◆ **Problem description**
Pictures aside, repeat the listing below exactly.

◆ **Input data**
+-------+

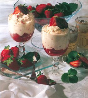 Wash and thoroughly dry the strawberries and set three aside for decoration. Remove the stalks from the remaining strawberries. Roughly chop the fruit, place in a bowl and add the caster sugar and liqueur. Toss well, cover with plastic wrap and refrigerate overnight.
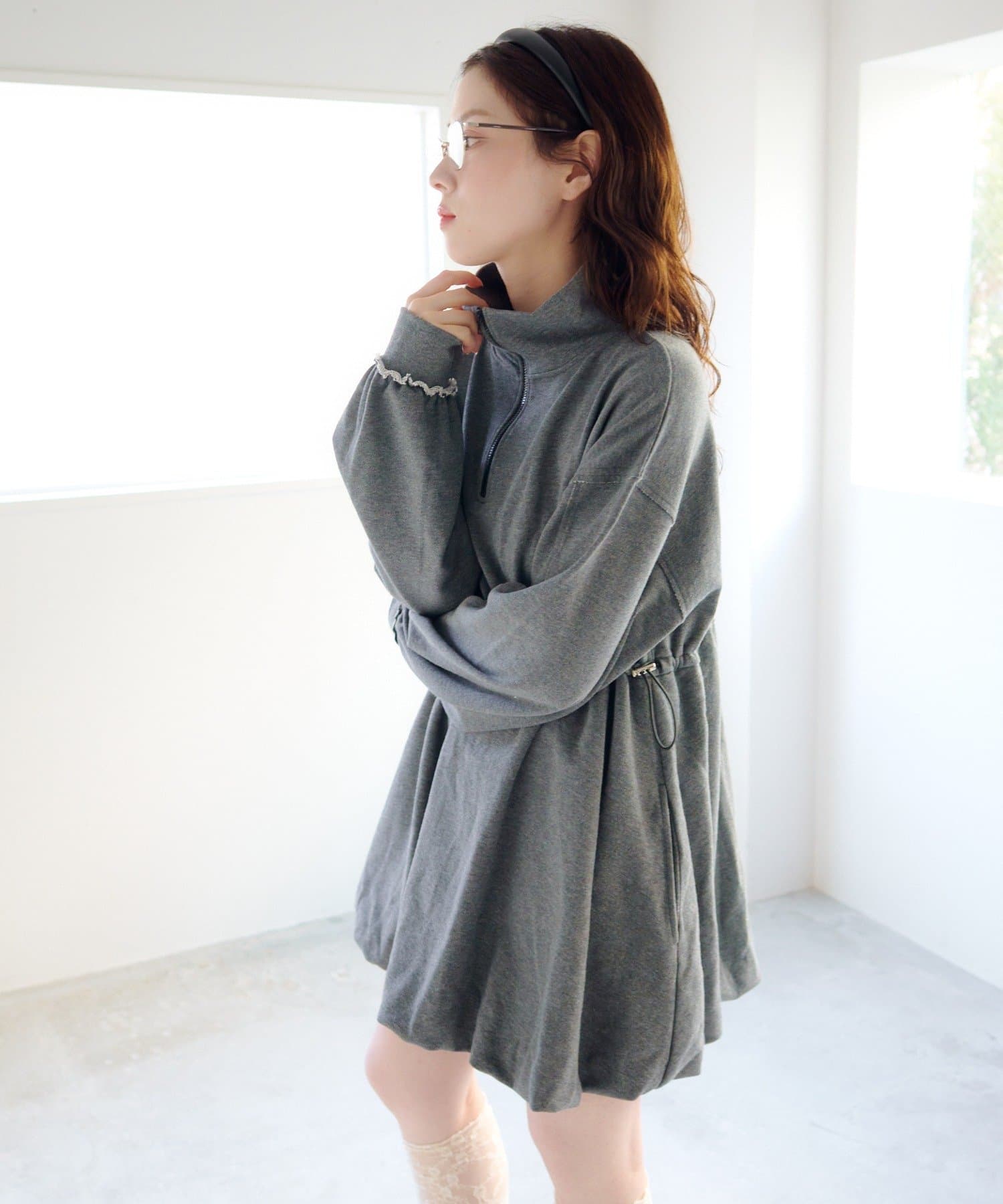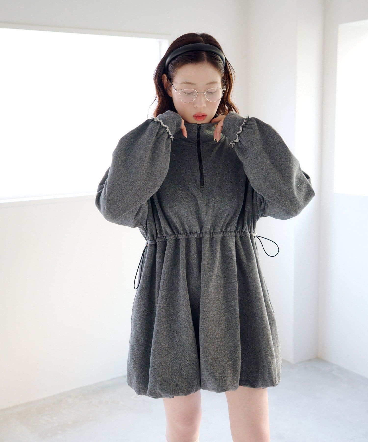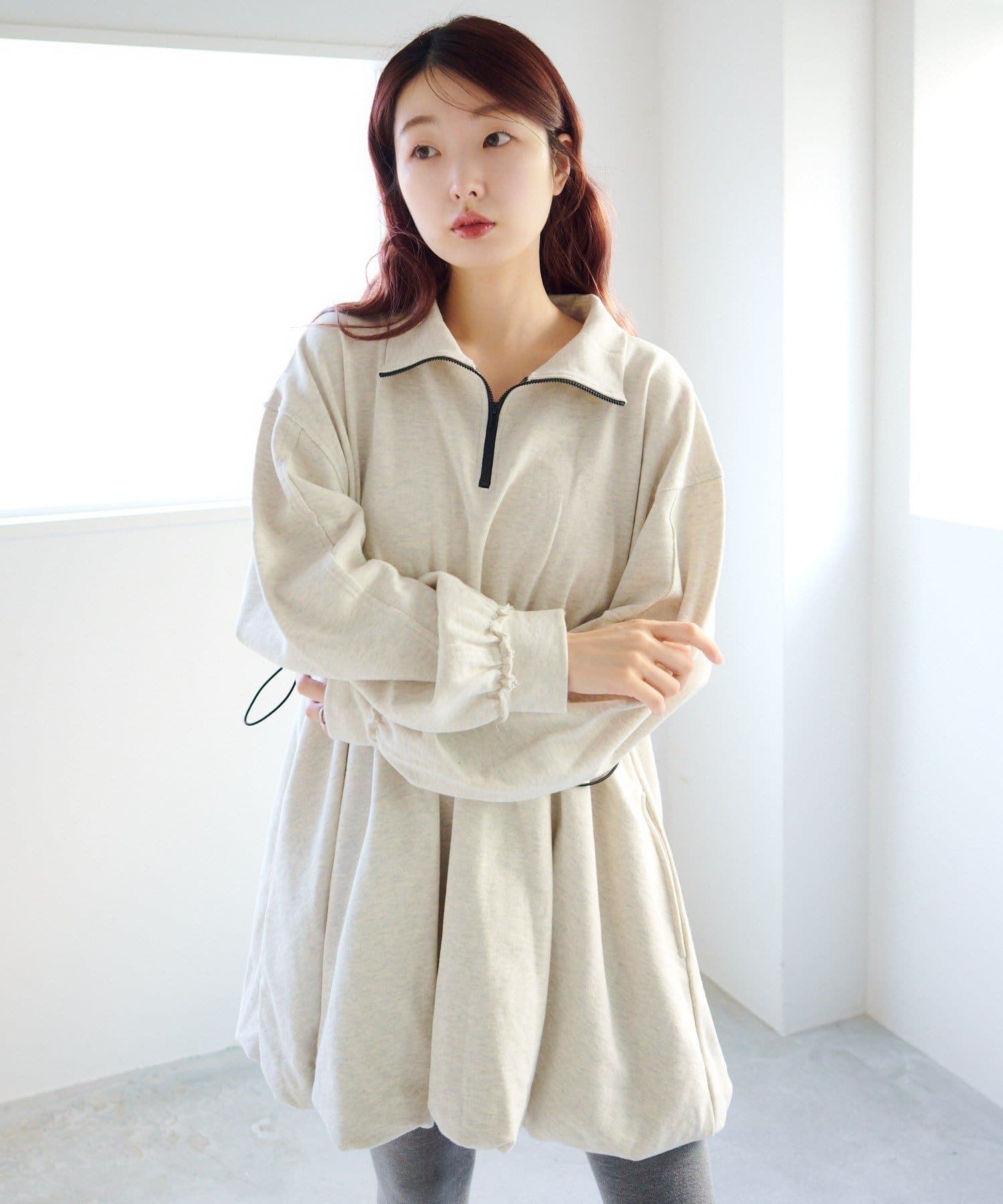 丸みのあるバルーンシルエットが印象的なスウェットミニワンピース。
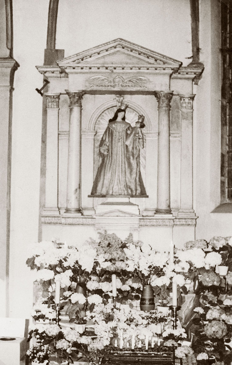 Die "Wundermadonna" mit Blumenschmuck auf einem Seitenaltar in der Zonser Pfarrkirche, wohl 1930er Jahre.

+-------+

◆ **Completed task**
 Wash and thoroughly dry the strawberries and set three aside for decoration. Remove the stalks from the remaining strawberries. Roughly chop the fruit, place in a bowl and add the caster sugar and liqueur. Toss well, cover with plastic wrap and refrigerate overnight.
 丸みのあるバルーンシルエットが印象的なスウェットミニワンピース。
 Die "Wundermadonna" mit Blumenschmuck auf einem Seitenaltar in der Zonser Pfarrkirche, wohl 1930er Jahre.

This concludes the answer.